Showed my granddaughter a wool hunting shirt I bought at the PX in 1970. She said "No wonder it's out of style." I told her that style is just something to make folks spend $$. Wool was keeping people warm 100s of years ago. It's keeping people warm now. And it will be keeping people warm 100 years from now! Practical never goes out of style. So much for "old school". Wonder where "light weight and warm" will be 100 years from now?


----------



## Dusty Roads (Aug 13, 2020)

JohnyBlaze999 said:


> Over the years, I purchased a vest, jacket, and Cabelas Wooltimate park http://huntingfishingplus.com/best-wool-hunting-jackets/ when they went on sale. I really like things, but I rarely wear a park. I found that I really didn’t like the heavy and bulky outer layer, especially for bow hunting. My favorite choice for very cool seats is the Wooltimate MTO50 rain coat, over layered layers of merino wool.

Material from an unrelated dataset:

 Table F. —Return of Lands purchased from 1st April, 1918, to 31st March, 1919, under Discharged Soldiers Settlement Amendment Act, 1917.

If it's actually cold, for example, 10 degrees with -20 windmills, and I go hunting with an open tree stand, then I will put one of these stickers on my back.





NCHillbilly said:


>


I've done both-like the new school Capalene and the like  to skin than layering depending on weather.
Old school down is unbeatable for dry days in my book.


----------



## NorthGaHunter (Sep 2, 2020)

I commented earlier in this post (2013) about Sleeping Indian being out of business.  When the NRA convention was in Atlanta in April 2017, they had a booth.  After the owner passed away, I believe his children sold the company/rights so the company is back in business.

I believe I have a Highline Shirt purchased when Cabelas sold it on their website in 2008.  Later, I sent the shirt to sleeping Indian and had them add a couple of pockets on it.

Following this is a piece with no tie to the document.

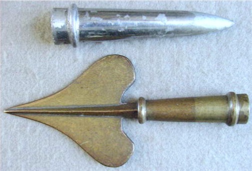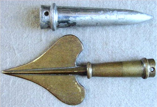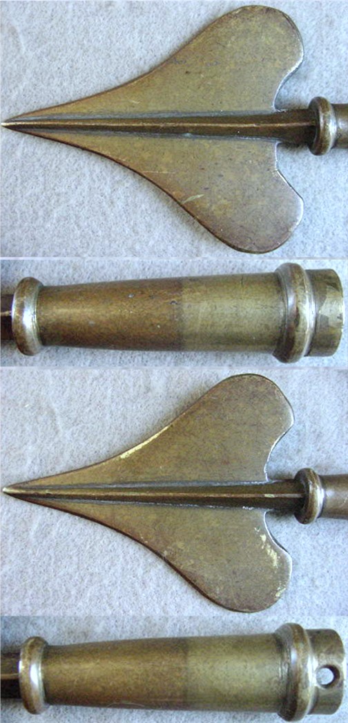 The brass spade-shaped spear tip measures 7 ¼” long and
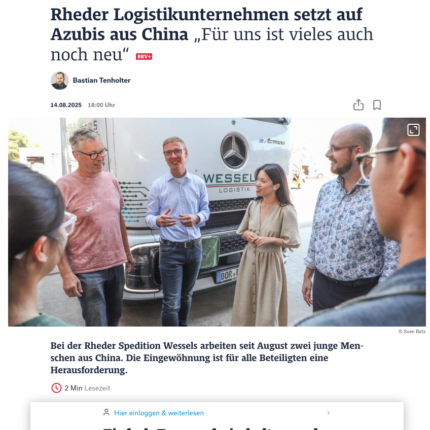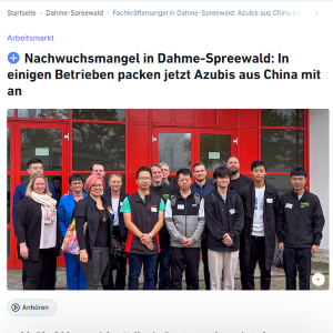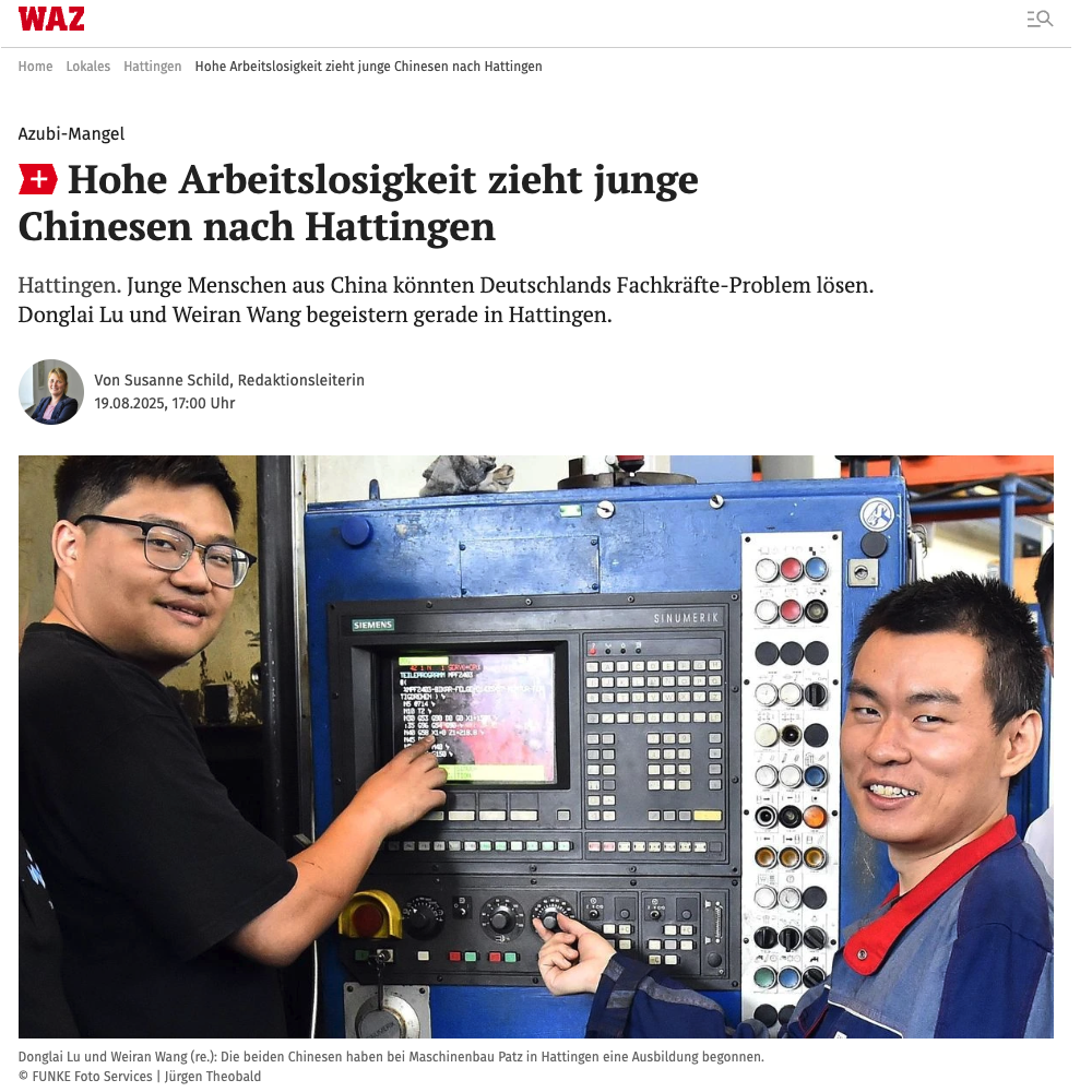 Durch die gezielte Anwerbung von chinesischen Interessenten gewinnen wir qualifizierte Auszubildende, die wir durch unser sprachlich-kulturelles Vorbereitungsprogramm fit für den Arbeitsalltag in Deutschland machen.

At the NRA show in 2017, I ordered a vest (Castillo Vest I believe).  A couple of years ago, I decided to order the Mountain Hunter jacket while I could get one in the event they ever went out of business.

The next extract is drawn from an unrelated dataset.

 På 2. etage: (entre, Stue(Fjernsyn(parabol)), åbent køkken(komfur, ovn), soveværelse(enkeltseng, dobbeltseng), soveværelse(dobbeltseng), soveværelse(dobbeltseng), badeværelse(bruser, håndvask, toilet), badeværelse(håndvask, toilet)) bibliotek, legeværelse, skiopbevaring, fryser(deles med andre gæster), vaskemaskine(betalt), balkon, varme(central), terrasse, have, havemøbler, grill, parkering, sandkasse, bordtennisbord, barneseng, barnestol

I have not worn the mountain hunter jacket yet, but the vest and shirt (which I use as a jacket) I have used a lot. 

If interested in wool clothing, Sleeping Indian is the best.  I believe they also make clothing for some of the U.S. military.

For pants, I have a pair of green wool pants from Johnson Woolens out of Vermont.

https://www.sleepingindianusa.com/


----------



## coolbreezeroho (Sep 2, 2020)

Have some MINUS 33 wool  for over 20 years still in near new condition. I wash it in the washing machine on gentle and air dry it...100 percent merino wool


----------



## Artfuldodger (Sep 2, 2020)

I have some of the new non-natural thermal underwear and some fleece stuff like Polarguard, etc. 
Whatever I can find in 2nd hand stores.  I also buy old used merino and cashmere sweaters for outdoor use. I have some silk thermals and an alpaca stocking cap as well.
I have a Marmot fleece shirt that I like and a down jacket.

I usually have an acrylic or poly base and then go with the wool and down over this. Although the merino and cashmere aren't itchy.

And wool does insulate even when wet.


----------



## strothershwacker (Sep 5, 2020)

Merino wool early season. Gets cooler, stack regular wool on that, gets bitter cold, put goose down on top of all that. They ain't a synthetic made that holds a candle to the old stuff. Like the wool hat in my picture. (Had it bout 5 years now) I've sweated in it and it never gets smelly like a ball cap. I'm completely sold on wool.


----------



## CroMagnum (Oct 1, 2020)

strothershwacker said:


> Merino wool early season. Gets cooler, stack regular wool on that, gets bitter cold, put goose down on top of all that. They ain't a synthetic made that holds a candle to the old stuff. Like the wool hat in my picture. (Had it bout 5 years now) I've sweated in it and it never gets smelly like a ball cap. I'm completely sold on wool.





strothershwacker said:


> Merino wool early season. Gets cooler, stack regular wool on that, gets bitter cold, put goose down on top of all that. They ain't a synthetic made that holds a candle to the old stuff. Like the wool hat in my picture. (Had it bout 5 years now) I've sweated in it and it never gets smelly like a ball cap. I'm completely sold on wool.


I just started wearing merino wool and I'm sold too.  Better than the polyester "tech" tee and long johns


----------